Let $a,b,c>0$ and $a+b+c=9$. Prove that: $$(\sqrt{a}+\sqrt{b}+\sqrt{c})^2\geq ab+bc+ca.$$ (Edit) I'm sorry. The problem should have beeen: Let $a,b,c\geq1$ and $a+b+c=9$. Prove that: $$(\sqrt{a}+\sqrt{b}+\sqrt{c})^2\geq ab+bc+ca.$$
Since $(a+b+c)2\geq3(ab+bc+ca)$ or $ab+bc+ca\leq27$, all we need to do now is to prove $\sqrt{ab}+\sqrt{bc}+\sqrt{ca}\geq9$, which I cannot.
Let $a=2x+1$, $b=2y+1$ and $c=2z+1$.
Thus, $x$, $y$ and $z$ are non-negatives, $x+y+z=3$ and we need to prove that: $$\sum_{cyc}\sqrt{2x+1}\geq\sqrt{\sum_{cyc}(2x+1)(2y+1)}$$ or $$\sum_{cyc}\left(2x+1+2\sqrt{(2x+1)(2y+1)}\right)\geq\sum_{cyc}(4xy+4x+1)$$ or $$\sum_{cyc}(4x-4xy)\geq\sum_{cyc}\left(2x+1-2\sqrt{(2x+1)(2y+1)}+2y+1\right)$$ or $$4\sum_{cyc}(x^2+2xy-3xy)\geq3\sum_{cyc}\left(\sqrt{2x+1}-\sqrt{2y+1}\right)^2$$ or $$\sum_{cyc}(x-y)^2\left(1-\frac{6}{\left(\sqrt{2x+1}+\sqrt{2y+1}\right)^2}\right)\geq0.$$ Now, let $x\geq y\geq z$.

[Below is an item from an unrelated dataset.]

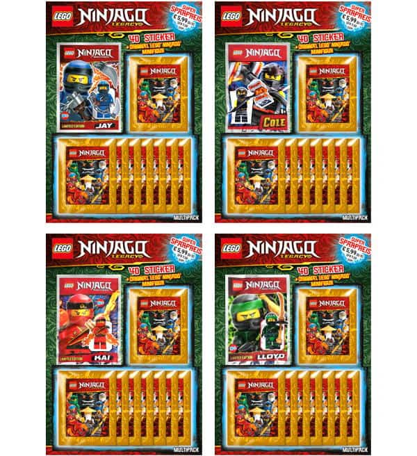 Les 4 multipacks avec les 4 figurines différentes de la collection d'autocollants LEGO Ninjago Legacy de Blue Ocean. Cet ensemble contient les 4 figurines originales LEGO Ninjago suivantes:

Thus, $$y^2\sum_{cyc}(x-y)^2\left(1-\frac{6}{\left(\sqrt{2x+1}+\sqrt{2y+1}\right)^2}\right)=$$ $$=y^2\sum_{cyc}(x-y)^2\left(1-\frac{6}{2x+2y+2+2\sqrt{(2x+1)(2y+1)}}\right)\geq$$ $$\geq y^2\sum_{cyc}(x-y)^2\left(1-\frac{3}{x+y+2}\right)=y^2\sum_{cyc}\frac{(x-y)^2(x+y-1)}{x+y+2}=$$ $$=y^2\sum_{cyc}\frac{(x-y)^2(3x+3y-x-y-z)}{3x+3y+2(x+y+z)}\geq y^2\sum_{cyc}\frac{(x-y)^2(x+y-z)}{5x+5y+2z}\geq$$ $$\geq\frac{y^2(x-z)^2(x+z-y)}{5x+5z+2y}+\frac{y^2(y-z)^2(y+z-x)}{5y+5z+2x}\geq$$ $$\geq\frac{x^2(y-z)^2(x-y)}{5x+5z+2y}+\frac{y^2(y-z)^2(y-x)}{5y+5z+2x}=$$ $$=\frac{(x-y)^2(y-z)^2(2x^2+2y^2+7xy+5xz+5yz)}{(5x+5z+2y)(5y+5z+2x)}\geq0$$ and we are done!